**EXERCISE GOAL**
Search the data for the string "Bonami", and report each line where it is found.
[Start of section]
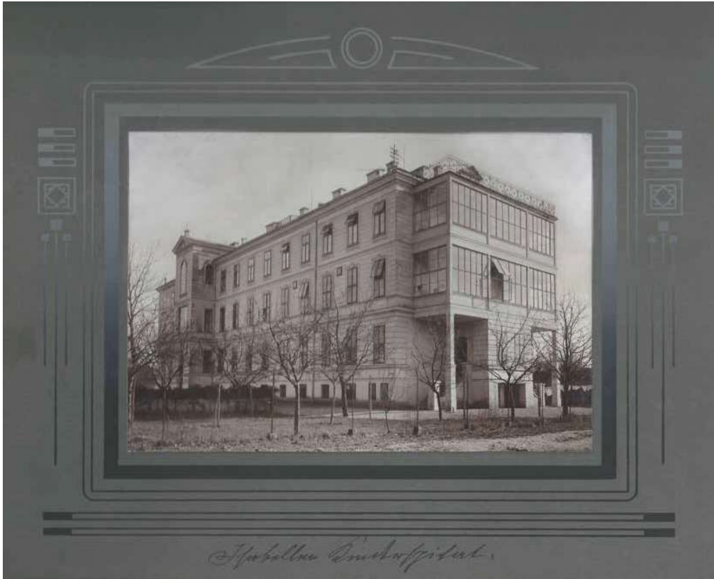
Richtungsweisende Pflege durch die Barmherzigen Schwestern auch im Isabeller-Kinderspital, das im Jahr 1886 eröffnet wurde. Bereits 1881 war unter dem Protektorat von Erzherzogin Isabella der Kinderspitalsverein gegründet worden, der es sich zur Aufgabe machte, die erforderlichen Mittel für die Erbauung, Einrichtung und Erhaltung zu beschaffen.
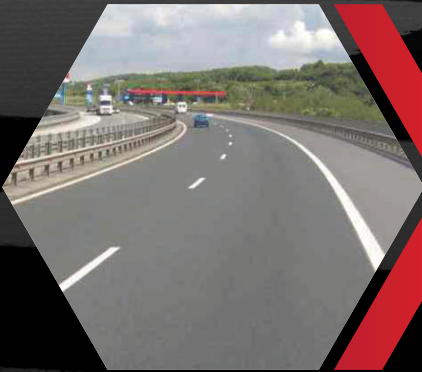
Eastern Peripheral Expressway
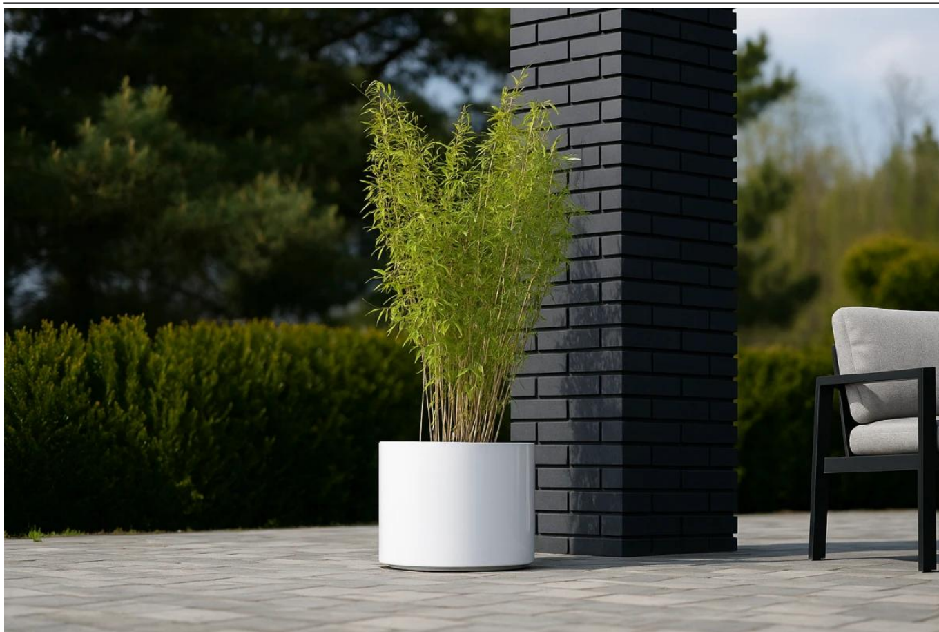
Bambus Nitida fargesia volcano w donicy D101CA biały połysk na tarasie

BARTPOL Sp. z o.o. ul. Strzeszyńska 33 60-479 Poznań NIP: 6932050703 t. 61 661 61 78 t. 607 531 181
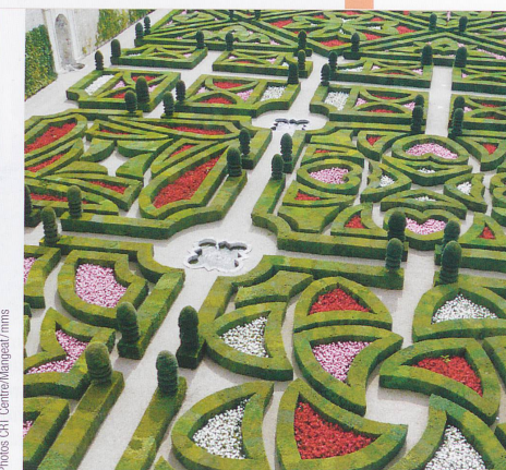
■ Les jardins extraordinaires de Villandry.

Valençay, château Renaissance où vécut Talleyrand, ministre de Napoléon.
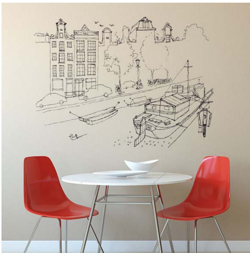
Samolepka Amsterdam od Chispum, Bonami

To, že je interiér zařízen nadčasově, nemusí nutně znamenat, že není „trendy“. Je dobré, aby byl nadčasový základ interiéru, to znamená bezvadná dispozice, kvalitní podlaha, vhodně zvolený nábytek, který nezastavuje prostor. Pokud někdo rád podléhá módnímu diktátu, tak stačí například jednu stěnu interiéru vymalovat barvou, která byla vyhlášena jako „barva roku“, nebo si může pořídit trendy doplňky z Bonami – polštáře , grafiku na stěny , tapetu či zajímavý nábytkový solitér . Prostě něco, co může člověk lehce změnit, až se zase trend změní a on bude chtít být stále „in“.
[End of section]
**OUTPUT FOR THIS EXERCISE**
Samolepka Amsterdam od Chispum, Bonami
To, že je interiér zařízen nadčasově, nemusí nutně znamenat, že není „trendy“. Je dobré, aby byl nadčasový základ interiéru, to znamená bezvadná dispozice, kvalitní podlaha, vhodně zvolený nábytek, který nezastavuje prostor. Pokud někdo rád podléhá módnímu diktátu, tak stačí například jednu stěnu interiéru vymalovat barvou, která byla vyhlášena jako „barva roku“, nebo si může pořídit trendy doplňky z Bonami – polštáře , grafiku na stěny , tapetu či zajímavý nábytkový solitér . Prostě něco, co může člověk lehce změnit, až se zase trend změní a on bude chtít být stále „in“.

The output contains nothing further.